In the study patients, the average PP before dialysis was 76 mm Hg, and the average PP after dialysis was 69 mm Hg. The average MAP before dialysis was 103 mm Hg, whereas the average MAP after dialysis was 94 mm Hg. The average fluid removed per dialysis session was 2.86 L (range, 0.7–4.7 L), and the average ca‐ph product was 51.4 (range, 26.5–92.3).

Using linear regression analysis, there was no association between PP predialysis or postdialysis and ca‐ph product. When MAP was analyzed, there was a statistically significant positive relationship between MAP predialysis and ca‐ph product (P=.002, R=0.4) (Figure 1). No association was detected with MAP postdialysis, however.

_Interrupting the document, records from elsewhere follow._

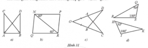 a) $\Delta CAB=\Delta DBA$ (Hình 31a)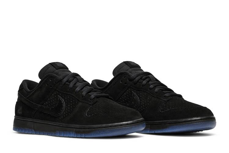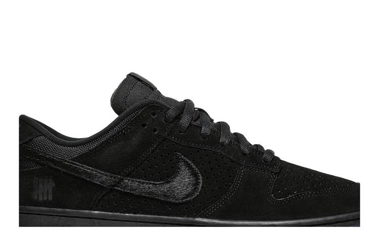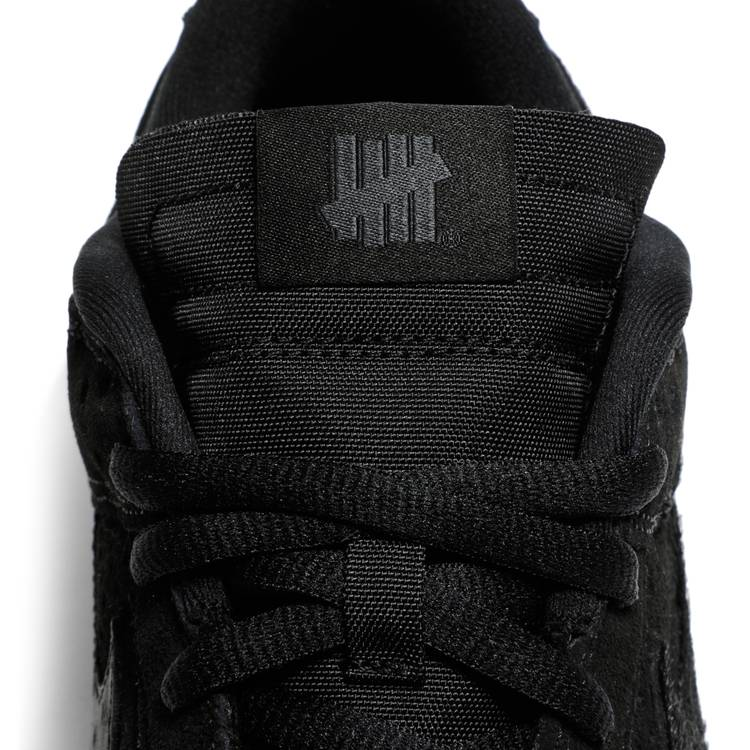 The Nike Dunk Low SP Undefeated 5 On It Black is part of the Dunk vs AF-1 series by the LA retailer. It features a mix of materials including perforated suede, smooth suede, pony hair, mesh, and nylon. The sneaker showcases Undefeated's Five Strikes logo on the tongue tag and heel. Set on a black midsole and translucent rubber outsole, this triple-black edition offers a unique and stylish design.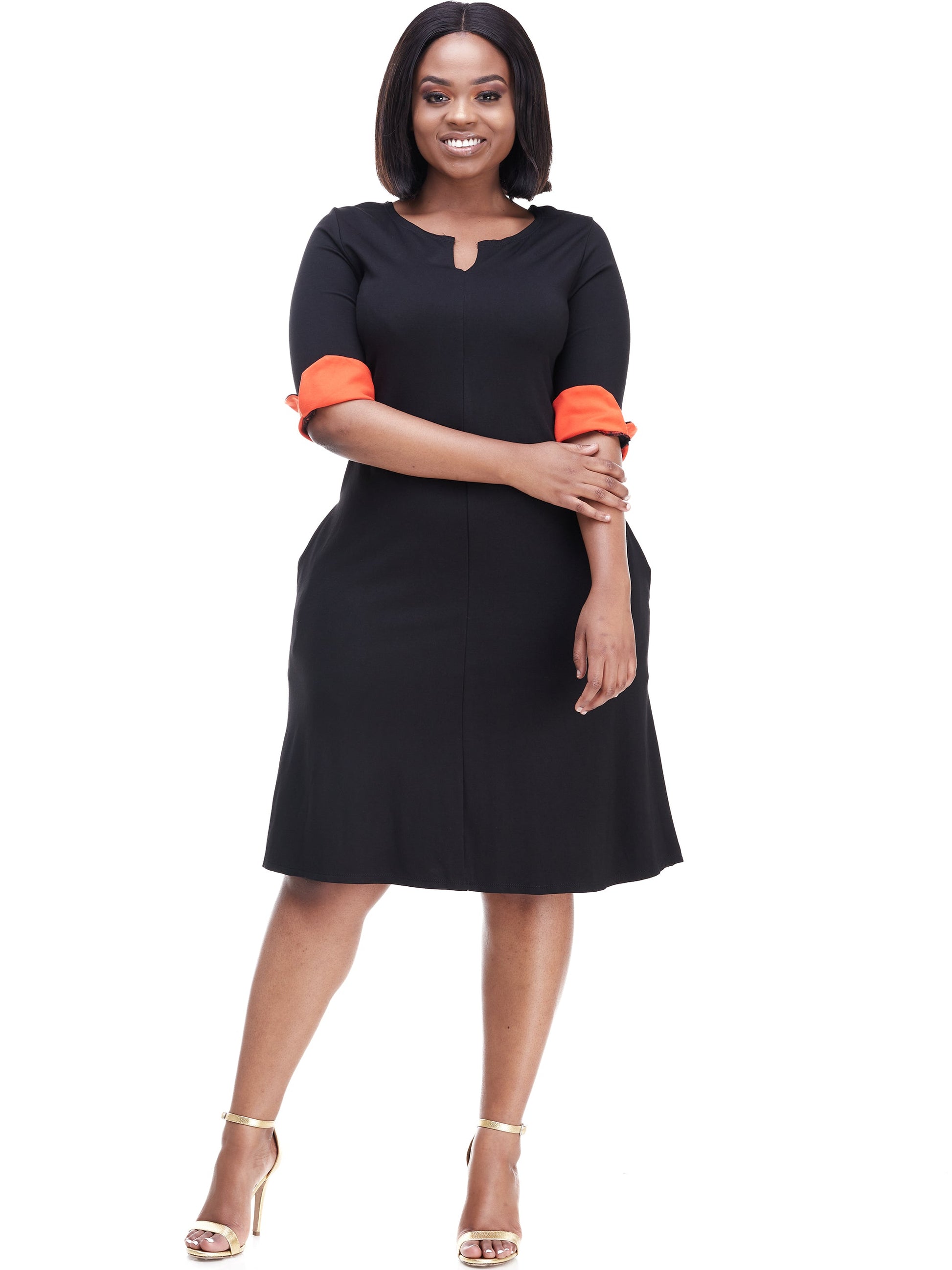 Vivo Zawadi Keyhole Dress - Black / Orange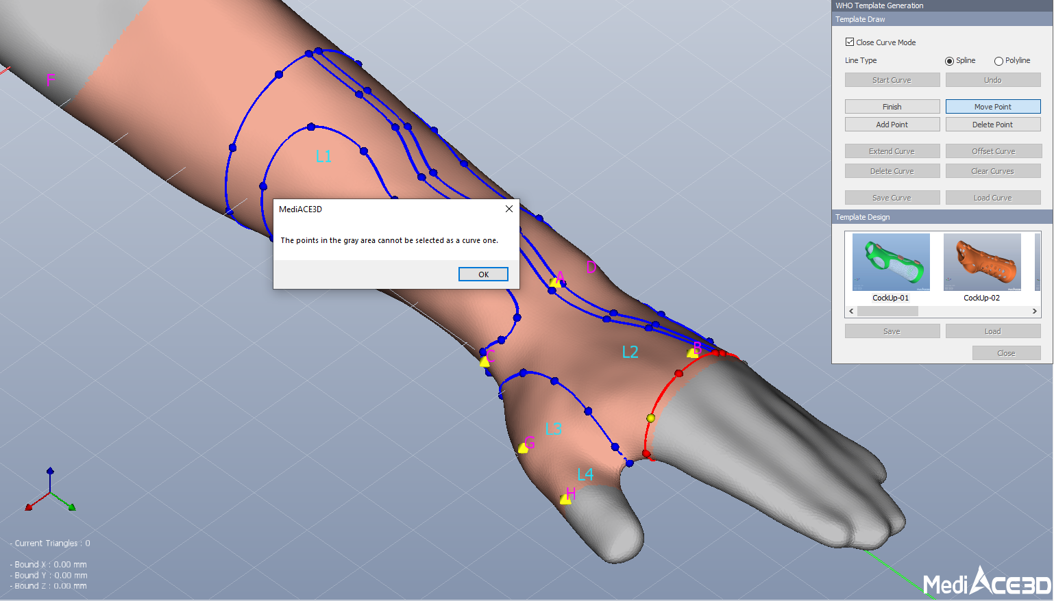 ※It is not possible to create a design curve that passes through the gray area shown in the standard hand model, and the system automatically prevents it.
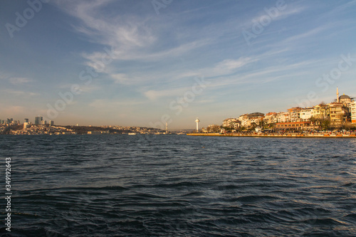 View of the Uskudar district of Istanbul from the Bosphorus at sunset. Turkey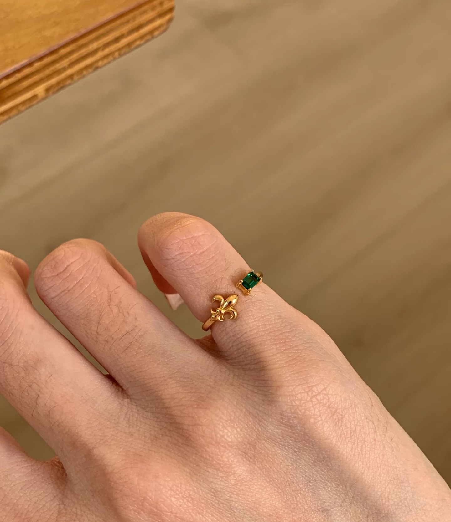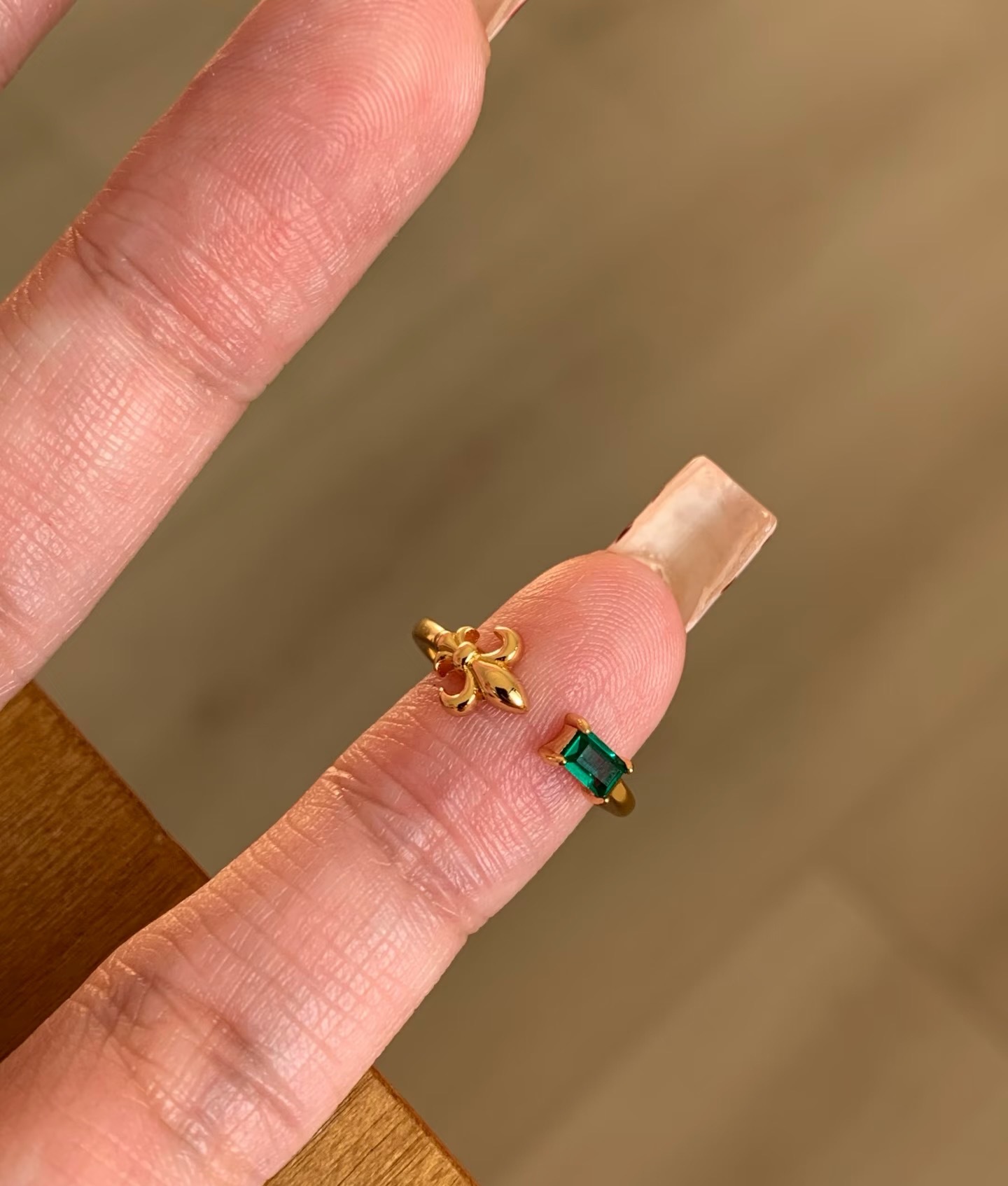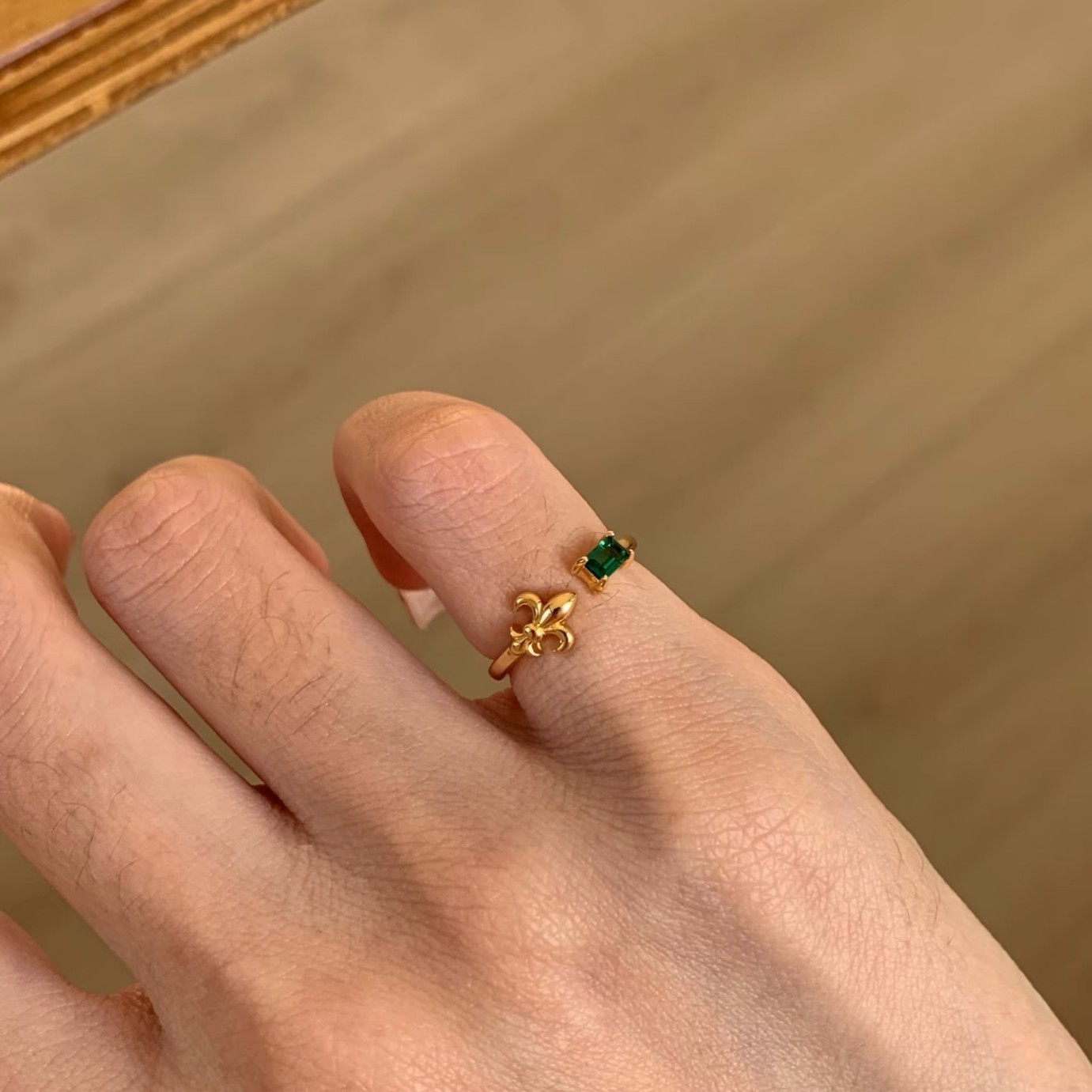 纯银S925拉丝工艺鸢尾花红宝石绿宝石尾戒简约百搭轻奢高级感尾戒

Linear regression between predialysis pressures and calcium‐phosphorus (ca × ph) for mean arterial pressure (MAP) and pulse pressure (PP).

Studying for individual BP parameters, a positive association was found between SBP predialysis and ca‐ph product (P=.03, R=0.28) (Figure 2). No relationship was detected with SBP postdialysis. A strong positive association was found between DBP predialysis and ca‐ph product (P=.001, R=0.44), and a weaker association was detected with DBP postdialysis (P=.03, R=.26) (Table II).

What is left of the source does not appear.